Mosque located in Jurong West, Singapore

Masjid Maarof (Jawi: مسجد معروف) is a mosque located in Jurong West, Singapore. Built in 2016, its construction is intended as a tribute to an older mosque of similar name that was demolished in 1996. The building features modernist architecture and is situated next to the Jurong Fire Station. It is one of four mosques in Jurong alongside Masjid Assyakirin, Masjid Hasanah, and Masjid Al-Mukminin.

== History ==
Originally, only one mosque, Masjid Assyakirin, served the residents of Boon Lay and Jurong West.
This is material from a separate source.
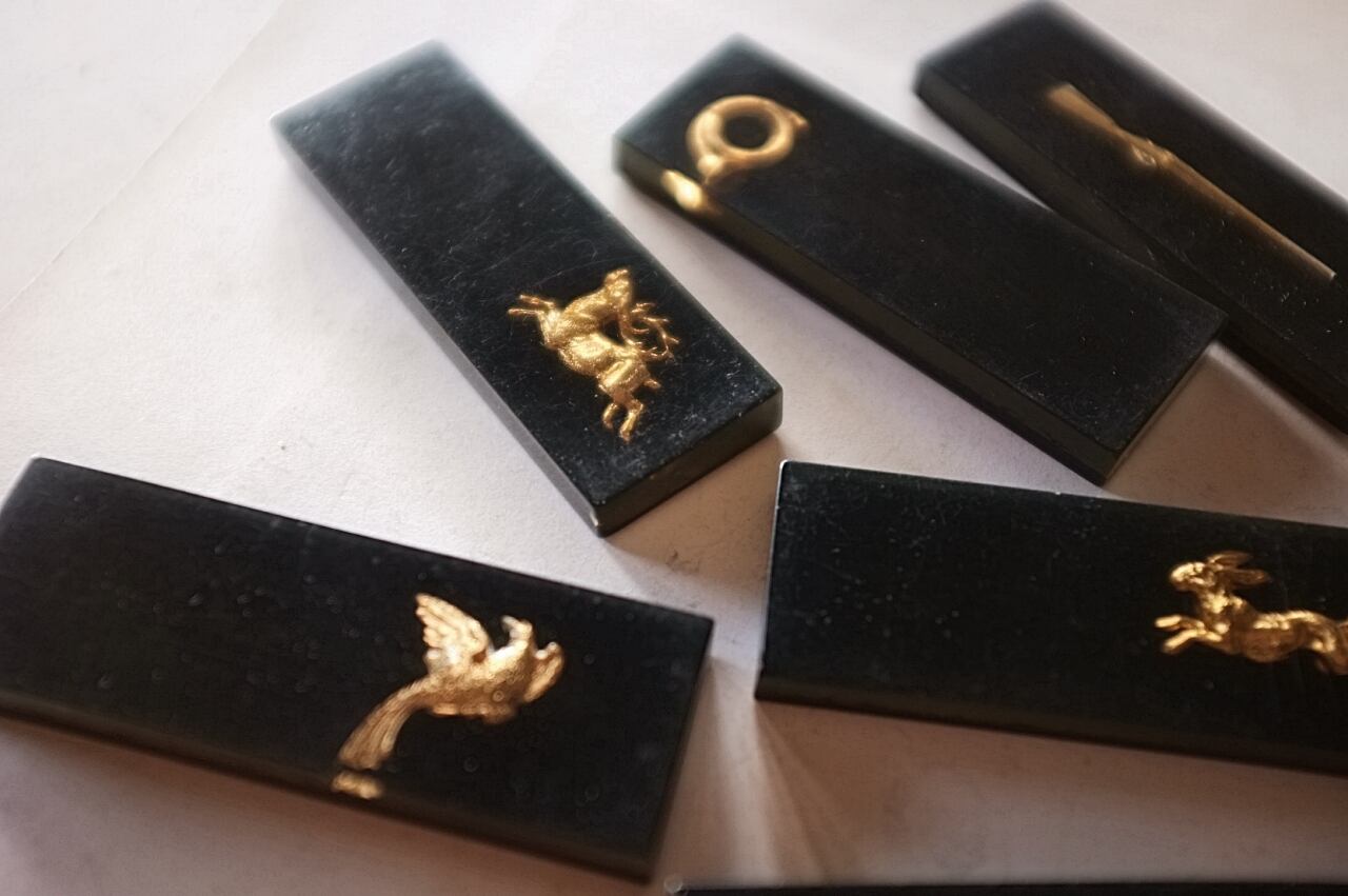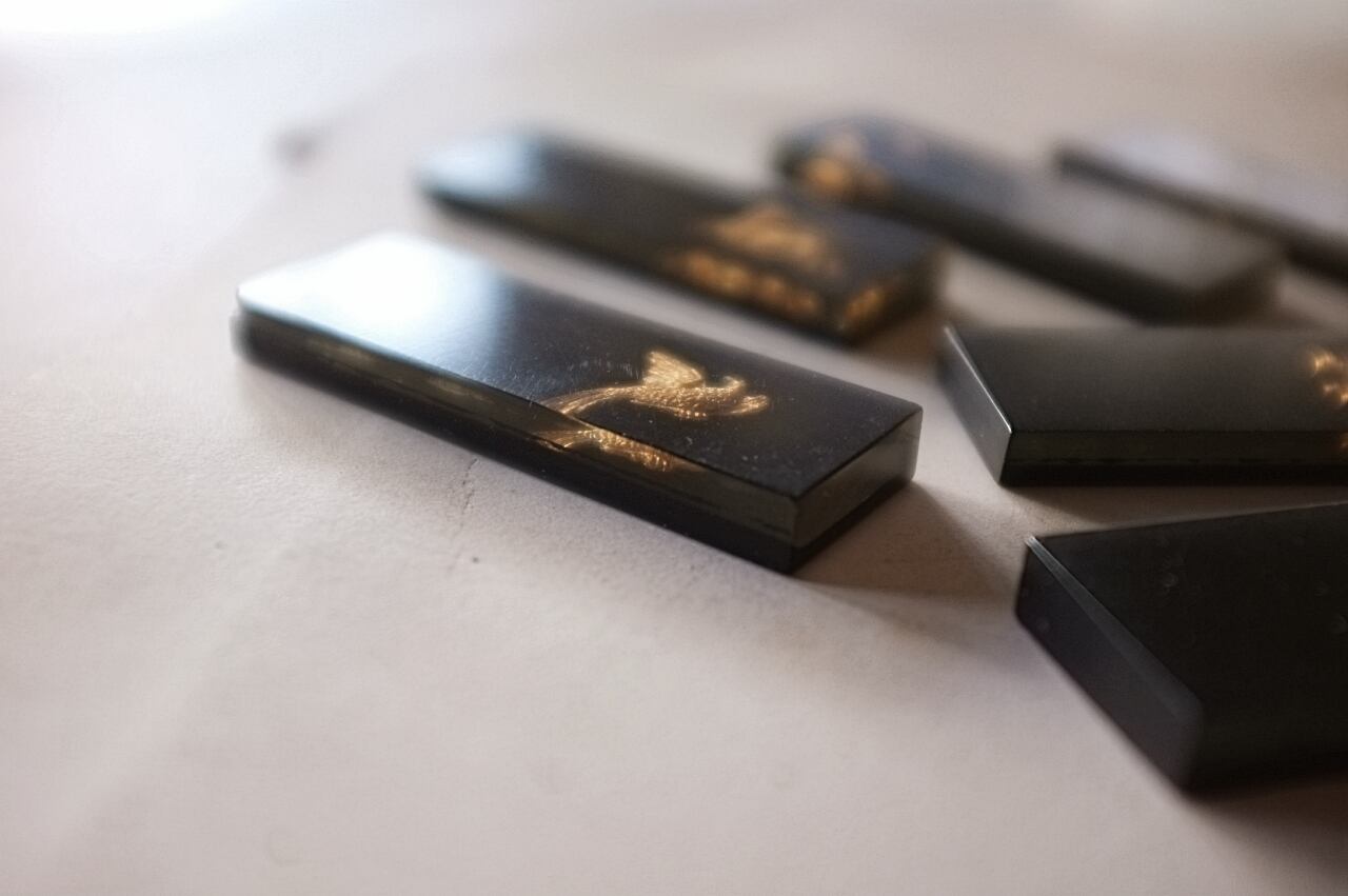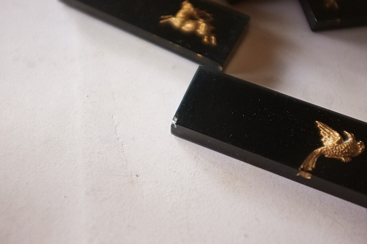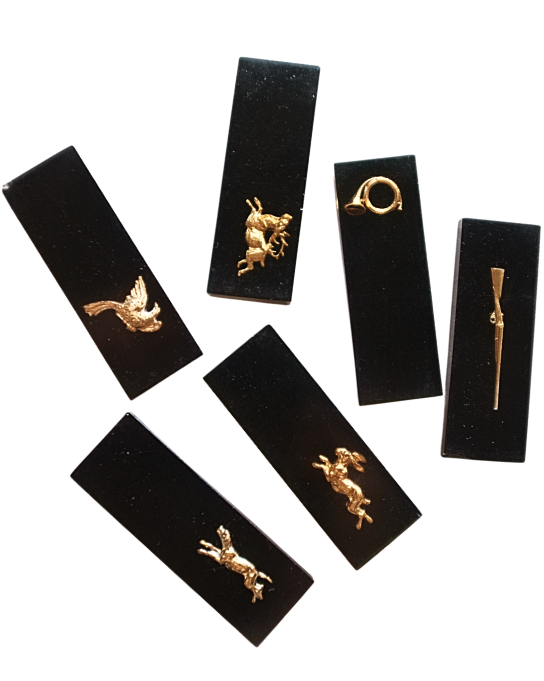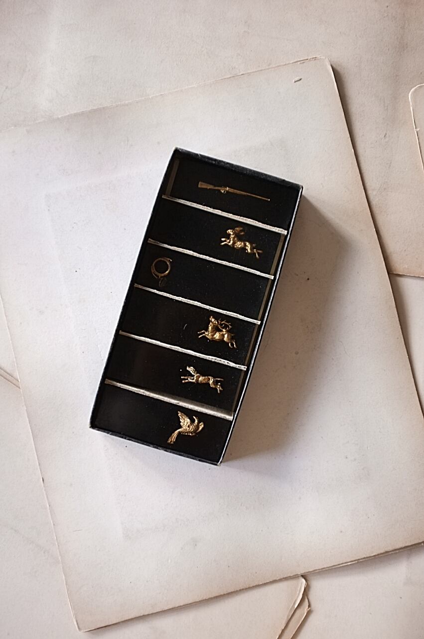 鉄砲と鳩に少し大きめ、牡鹿とウサギに小さな欠け。

With the growing Muslim population in the area, Masjid Assyakirin was not able to contain a larger capacity of congregants, and so the residents of Jurong West instead had to travel to either Jurong East for the mosques Masjid Hasanah and Masjid Al-Mukminin, or to Jalan Bahar for Masjid Pusara Aman. Ultimately, the construction of a new mosque for the residents of Jurong West was announced by the Majlis Ugama Islam Singapura (MUIS) in June 2014. Intended as a tribute to an older mosque, Masjid Al-Ma'arof, which had been demolished in 1996 for redevelopments along Clyde Street, the proposed mosque was named Masjid Maarof after it.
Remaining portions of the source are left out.